The Story Lab – Week 2

In Wednesdays class of this week, we were introduced to the concept of transmedia, and how we must first focus on our story, then introduce the best media to support it later on down the track. In the reading for this week, Manovich says that ‘ new media lends itself to a database model’ (Manovich 2001). What I found most interesting was analysing our experience of these technologies, which in essence, are broken up i.e. when we use a phone, our interactions are divided between Facebook, the calendar app, safari, the weather app etc – all are different sections of the phone and all appear to be segregated from each other, even though we are still using the singular phone. The internet is another example of a database where you can start on one page and end up somewhere completely different (something which can’t really happen in a library). Using these analogies helped me understand what Manovich was talking about.

What we also looked at was the idea that everything is a remix. Its funny because this is a concept which I have recently thought about. I tend to sometimes challenge myself to think of an idea – no matter how far fetched – that hasn’t already been written about, filmed or sung. And its always hard to do. Basically, Ferguson’s web series was so interesting to me (and was very entertaining). We are allowed to collect material, combine it, transform it and create something ‘new’. An artist who I (sometimes) like is Kanye West, and recently, it seems his albums are all about remixing everyone before him.

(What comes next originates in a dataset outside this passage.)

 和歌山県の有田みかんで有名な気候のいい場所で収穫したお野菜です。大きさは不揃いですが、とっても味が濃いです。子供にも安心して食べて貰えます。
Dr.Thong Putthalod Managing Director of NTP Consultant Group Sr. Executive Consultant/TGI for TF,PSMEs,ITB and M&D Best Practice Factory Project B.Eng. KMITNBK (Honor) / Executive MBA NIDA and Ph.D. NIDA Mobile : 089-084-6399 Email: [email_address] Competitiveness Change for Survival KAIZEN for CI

Nearly 90% of his songs are sampled from elsewhere. But what he ends up with is something original. But the sampled material wasn’t his creation… so is he really that great? I don’t know – frankly you can get a headache arguing about it.

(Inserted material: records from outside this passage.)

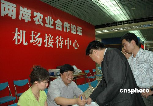来自中国、美国、日本、越南和港澳台的海内外六十一家媒体三百名记者聚焦博鳌两岸农业合作论坛。图为来自北京的媒体十月十五日在海口美兰机场注册报到。中新社发 王辛莉 摄
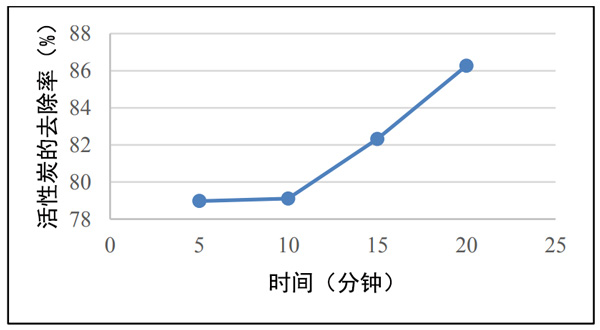 吸附時(shí)間測試:將豆腐廢液行業(yè)樣品溶液制備到四個(gè)燒杯中。在每杯中加入多達(dá)0.5克的椰殼活性炭。攪拌下靜置5分鐘,10分鐘,15分鐘,20分鐘。之后,用移液管吸取10mL溶液,然后將其放入試管中。加入0.4mL苯酚溶液,0.4mL硝普鈉,1mL氧化溶液。放置1小時(shí)以產(chǎn)生顏色。形成顏色后,使用濾紙將活性炭與樣品溶液分離。倒入比色杯,使用分光光度計(jì)對(duì)其進(jìn)行分析,讀取并記錄其在640nm波長處的吸收。時(shí)間變化的吸附用K2CO3活性炭和HCl活性炭進(jìn)行兩次。
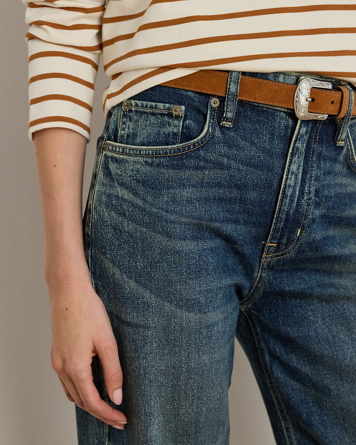 - Belt loops. Zip fly with a dived closure. Five-pocket styling with metal rivets. Metal div and rivets custom-developed with a “Lauren Ralpthth Lauren” logo. Debossed signature leather patch at the back right waist.
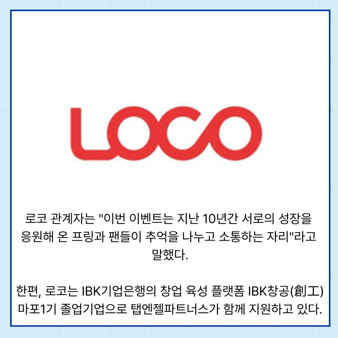 로코는 IBK기업은행(024110)의 창업 육성 플랫폼 IBK창공(創工) 마포1기 졸업기업으로 탭엔젤파트너스가 함께 지원하고 있다.

Something else we touched on this week was good story telling and some basic rules:

  • Throw your characters at a situation, and if you have a decently written and constructed character, their response will basically write itself.
  • Most of the stuff we will experience in our lifetimes will have been done before. This needs to be expected.
  • Be prepared to kill your babies: at some point we will get feedback whether we want it or not. We need to be prepared to reconceive our entire narrative
  • If you shock yourself first, that will usually shock the audience.